Cross-modal contrastive learning of microscopy image and structure-based representations of molecules
Sprache des Titels:
International Conference on Machine Learning (ICML 2022), 3rd Women in Machine Learning Un-Workshop
Contrastive learning for self-supervised representation learning has brought a strong improvement to many application areas, such as computer vision and natural language processing. With the availability of large collections of unlabeled data in vision and language, contrastive learning of language and image representations has shown impressive results. The contrastive learning methods CLIP  and CLOOB  have demonstrated that the learned representations are highly transferable to a large set of diverse tasks when trained on multi-modal data from two different domains. In drug discovery, similar large, multi-modal datasets comprising both cell-based microscopy images and chemical structures of molecules are available.
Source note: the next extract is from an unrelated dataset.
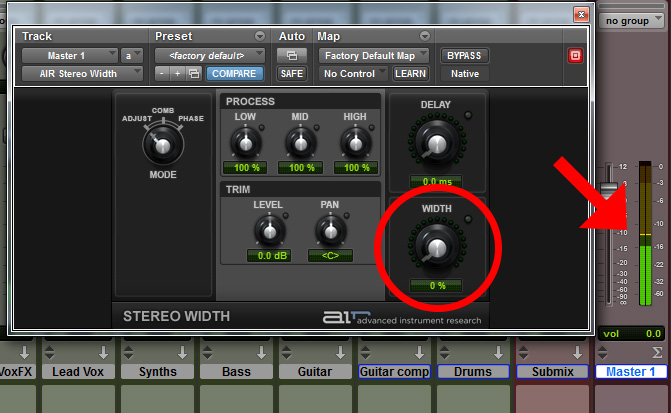 ▲附圖2: 加一個立體聲插件(Stereo Width Plugin)放在Master Track,並將Stereo Width設至零。留意,以上兩個方法都會將Master Track的左右聲量調至一樣水平(上圖紅箭咀)。這樣,以後簡單的bypass此插件便做到像mono button的效果。

However, contrastive learning has not been used for this type of multi-modal data in drug discovery, although transferable representations could be a remedy for the time-consuming and cost-expensive label acquisition in this domain. In this work, we present a contrastive learning method for image- and structure-based representations of small molecules for drug discovery. Our method, Contrastive Leave-One-Out boost for Molecule Encoders (CLOOME), comprises an encoder for microscopy data, an encoder for chemical structures and a contrastive learning objective. On the benchmark dataset Cell Painting , we demonstrate the ability of our method to learn proficient representations by performing linear probing for activity prediction tasks.